## Analysis Notebook - differential Gene Expression Analysis

This notebook generates the sex-biased differential gene expression analysis.   Differential Analysis (DE) was performed using voom (Law et.al., 2014) with gene expression counts with associated precision weights, followed by linear modeling and empirical Bayes procedure using limma. 
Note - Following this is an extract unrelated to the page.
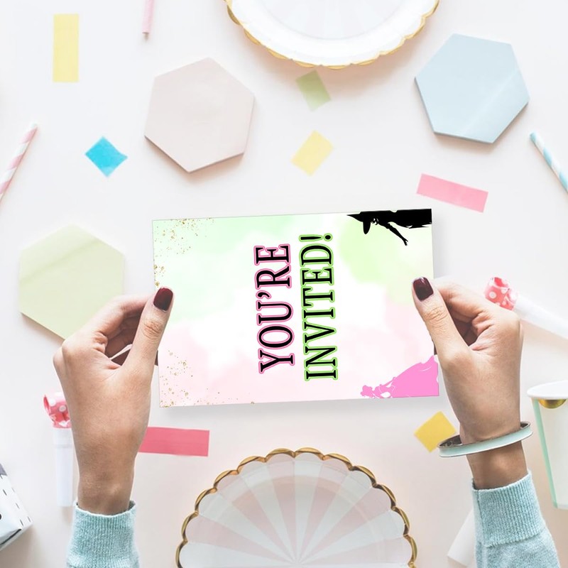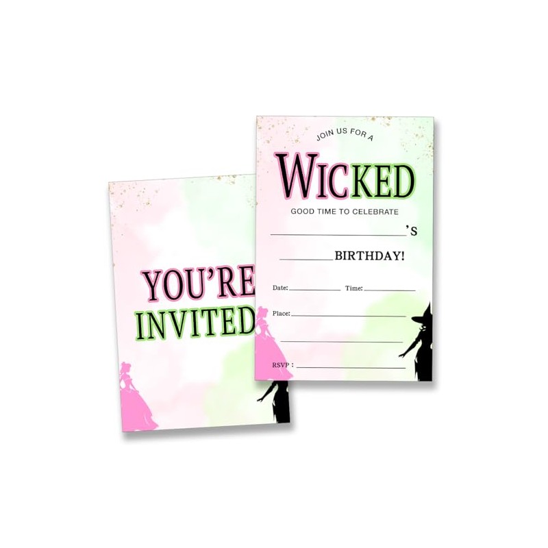 YLKJSTYS Pink and Green Wicked Party Invitations Adults Teens Wicked Theme Bi...

Within each tissue, the following linear regression model was used to detec secually dimorphic alternative splicing event expression:


           y = B0 + B1 sex + B2 age + B3 RIN + B4 Ischemia + epsilon (error)
           
where y is the gene expression to be modeled sex denotes the reported sex of the subject.   The function named `fit_tissue()` performs this analysis and accepts two arguments, the `tissue` and an `object` and create the **model matrix** based  that tissue's sex. We will perform a linear fit after calculating normal factors (based on the library size) and calculate the dispersion using `voom` (mean variance model of dispersion). We are saving the resulting matrixes as files.

### 0.  Data Needed by this notebook

Input data files are:

1. **[tissues.tsv](https://github.com/TheJacksonLaboratory/sbas/blob/master/assets/tissues.tsv)**: a curated list of tissues, alternative display names & **0** or **1** indicate skipping or including respectively.
2. **[gtex.corrected.rds](https://zenodo.org/record/4179559/files/gtex.tar.gz)**: The function to generate this from the GTEx dataset is in the `differentialSplicingJunctionAnalysis.ipynb`.  The function `renewGTExExpressionSet`, downloads GTEx v8 using the [yarn](https://bioconductor.org/packages/release/bioc/html/yarn.html) 'yarn::downloadGTExV8() and then the function `inspectAndCorrectExpressionSetObject` makes sure the expression object we are using with our Sra subset is correct.  This does not need to be redone unless our samples change and/or we upgrade our V8 versions.   A cautionary note, the latest version of GTEx is through AnViL -- see note regarding latest access ability to (GTEx data)[GTEx.md].  Obtained through Zenodo (gtex.tar.gz)
3. **[SraRunTable.txt](https://zenodo.org/record/4179559/files/srr.tar.gz)** old way of obtaining GTEx accessions 
4. **[srr_pdata.csv](https://zenodo.org/record/4179559/files/srr.tar.gz)**


### 1. Data files created by this notebook

Output text files are written to the ``../data/`` directory (at the same level as the ``jupyter`` directory). 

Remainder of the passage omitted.